▸ WHAT IS NEEDED: I'd like the full listing transcribed exactly, with no images included.

▸ DATA EXCERPT:
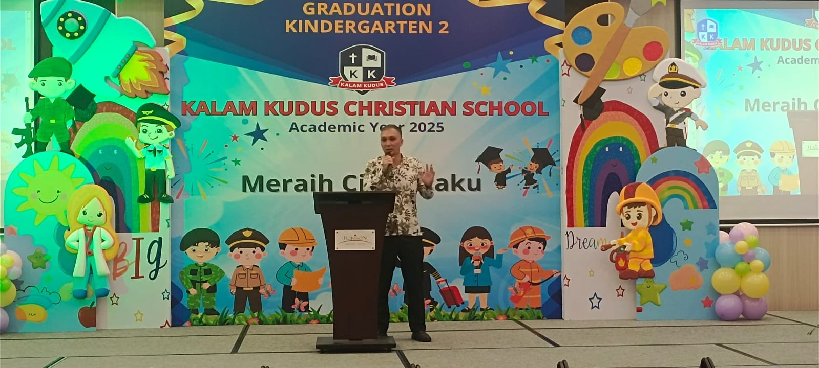“Penamatan tahun ini merupakan yang ke-22 sejak TK Kristen Kalam Kudus Sentani berdiri. Saya sangat bersyukur karena bahkan ada alumni angkatan pertama yang kini menjadi pengajar di sekolah ini,” ujarnya. Stephen juga menyampaikan bahwa saat ini pihak yayasan sedang membangun gedung baru dua lantai untuk TK KKK Sentani.
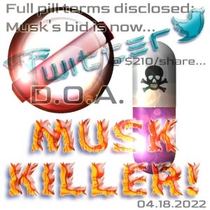 The small inaccuracy is that this professor is unaware that the latest pills provide for a delayed, longer-acting “poison” (called a “Flip-Over”), if/when the unwelcome bidder runs a tender offer. When the unwelcome bidder shows up with all the shares he’s bought, the pill contains a feature that grants huge cash dividends on those shares that were NOT tendered, so NOT payable to the people from whom Elon bought, BUT OUT OF THE BIDDER’S (Elon’s) coffers, not the target’s. In the Twitter case, it would pay the people who’d not tendered $420 per share in cash, from Musk’s own pocket. That is beyond his reach by a great distance, if he needs 50% of the shares… he’d owe about $950 billion. His net worth is around $320 billion. No way, meet no how.
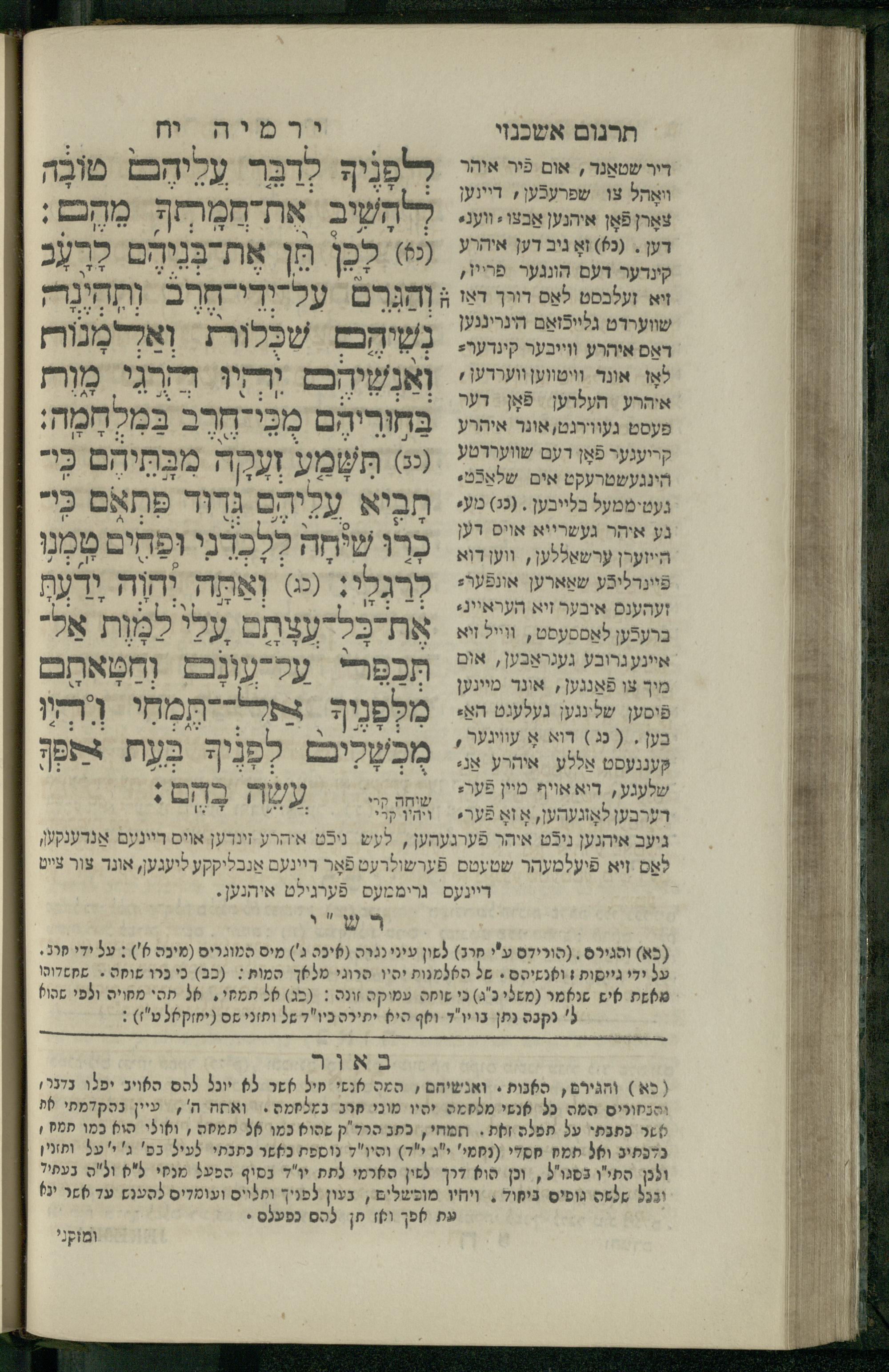 11 (1836) Sefer Yirmeyah / meturgam u-mevoʾar me-ḥadash me-et ha-Rav m.h. Shelomoh ben mo.h. Daṿid Zakhs (a.b.d. di-ḳ.ḳ. Likhṭenshṭadṭ u-gelilot Elenbogen ṿe-Zaʾats be-medinat Behmen) ṿe-nilṿah elaṿ Perush Rashi ṿe-haʿtaḳah u-veʾur kol milot be-laʿaz me-et ha-madpis Mosheh ha-Leṿi Landa11 (1836) ספר ירמיה / מתורגם ומבואר מחדש מאת הרב מ"ה שלמה בן מו"ה דוד זאכס (אב"ד דק"ק ליכטענשטאדט וגלילות עלנבאגען וזאאץ במדינת בעהמען) ונלוה אליו פירוש רש''י והעתקה ובאור כל מלות בלע''ז מאת המדפיס משה הלוי לנדא

▸ SOLUTION TO THIS EXERCISE:
“Penamatan tahun ini merupakan yang ke-22 sejak TK Kristen Kalam Kudus Sentani berdiri. Saya sangat bersyukur karena bahkan ada alumni angkatan pertama yang kini menjadi pengajar di sekolah ini,” ujarnya. Stephen juga menyampaikan bahwa saat ini pihak yayasan sedang membangun gedung baru dua lantai untuk TK KKK Sentani.
 The small inaccuracy is that this professor is unaware that the latest pills provide for a delayed, longer-acting “poison” (called a “Flip-Over”), if/when the unwelcome bidder runs a tender offer. When the unwelcome bidder shows up with all the shares he’s bought, the pill contains a feature that grants huge cash dividends on those shares that were NOT tendered, so NOT payable to the people from whom Elon bought, BUT OUT OF THE BIDDER’S (Elon’s) coffers, not the target’s. In the Twitter case, it would pay the people who’d not tendered $420 per share in cash, from Musk’s own pocket. That is beyond his reach by a great distance, if he needs 50% of the shares… he’d owe about $950 billion. His net worth is around $320 billion. No way, meet no how.
 11 (1836) Sefer Yirmeyah / meturgam u-mevoʾar me-ḥadash me-et ha-Rav m.h. Shelomoh ben mo.h. Daṿid Zakhs (a.b.d. di-ḳ.ḳ. Likhṭenshṭadṭ u-gelilot Elenbogen ṿe-Zaʾats be-medinat Behmen) ṿe-nilṿah elaṿ Perush Rashi ṿe-haʿtaḳah u-veʾur kol milot be-laʿaz me-et ha-madpis Mosheh ha-Leṿi Landa11 (1836) ספר ירמיה / מתורגם ומבואר מחדש מאת הרב מ"ה שלמה בן מו"ה דוד זאכס (אב"ד דק"ק ליכטענשטאדט וגלילות עלנבאגען וזאאץ במדינת בעהמען) ונלוה אליו פירוש רש''י והעתקה ובאור כל מלות בלע''ז מאת המדפיס משה הלוי לנדא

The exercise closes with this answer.